When we meet Georgie again, it’s the 1970s and she is a child in the back seat of her father’s car on a road-trip from Dublin to Down, visiting her grandparents.

The story of young Georgie is also that of her parents’ fractured marriage and her mother’s battle against breast cancer. It is told, as well as from her own perspective, from that of her father, David, and from that of Lotte, a young woman from Bristol who Georgie’s mother hires to clean and baby-sit as her own health deteriorates. These sections of the book are steeped in grief, but Gallagher captures the complicated feelings which circle around death with enough skill and sensitivity to prevent the gloom from becoming oppressive.

Georgie is an awkward youth, large for her age and short on friends. She likes mermaids and coconut creams. Her childhood is, for the most part, horribly problematic, not only because of her mother’s slow dying, but also because Georgie was born and raised a boy.

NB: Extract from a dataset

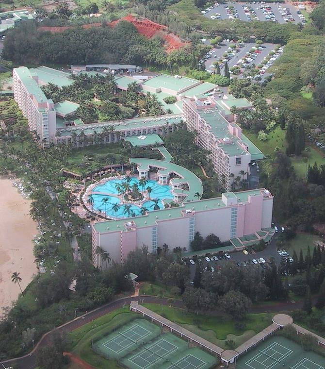The next day, Eric and I took a helicopter tour around Kauai with Eric's mom Anne and my father. This is the Marriott from the helicopter.

In the sections from David and Lottes' perspectives, she is referred to as the "he" she appears. In the chapters from her adult life, Gallagher never goes into the graphic details of surgery or hormone replacement, instead focusing on Georgie's psychological struggle, the set of "trans-rules" she has taught herself to live by, her unremitting anxiety with regard to how she is perceived. The tenderness which with Gallagher approaches her subject immediately brought to mind Rose Tremain's 1992 novel, Sacred Country, about a boy-born-girl in provincial Suffolk in the 1950s. And yet, it is imprecise of me to contextualise Beautiful Pictures . . . as a gender-dysphoria story. At other times, I mistook it for a cancer story, a love story, a twin story, a war story.

Sudetenland

And looming constantly, curiously, in the background of this clamorous mix, there is the Sudetenland. As a student of Leaving Cert history I remember learning how, as a result of the Munich Agreement, this German-speaking territory of Czechoslovakia was ceded to Hitler in 1938. What I didn't learn was that in the aftermath of the war, its German-Czech inhabitants were aggressively expelled from their homes. Many died of exhaustion and disease on the way to Germany or ended up living as refugees in the liberated concentration camps. A whole chapter of Beautiful Pictures . . . is devoted to the number of people "killed/displaced" during this period, running into the millions, as well as the atrocities perpetrated against them. These slices of history are linked with Lotte's past. Though I can't say they felt particularly necessary to the story, it was startling to learn of a tragedy so significant about which I had known so little.

Fortunately, Gallagher's writing is brilliant enough to paper over any cracks in relevance, to smooth the surface of this jagged novel. Her luscious descriptions make suburban Dublin appear peculiarly fascinating, and it doesn't matter that there are rather a lot of tenuously related characters because she is capable of portraying a great deal of what is important about a person in very few lines. Though somewhat baffling on the surface, Beautiful Pictures . . . is strangely coherent up close, like a magic-eye picture.

“They say the human brain remembers every single thing the eyes register,” grown-up Georgie tells her father in an audio letter, “like those baroque princes who used to collect oddments for their cabinets of curiosities, but we let ourselves forget because otherwise we’d go mad.” Gallagher is blessed with a brain better at this type of registration than most. Her second novel confirms her as a writer who doesn’t miss, or forget, a trick.

Sara Baume is the author of Spill Simmer Falter Wither.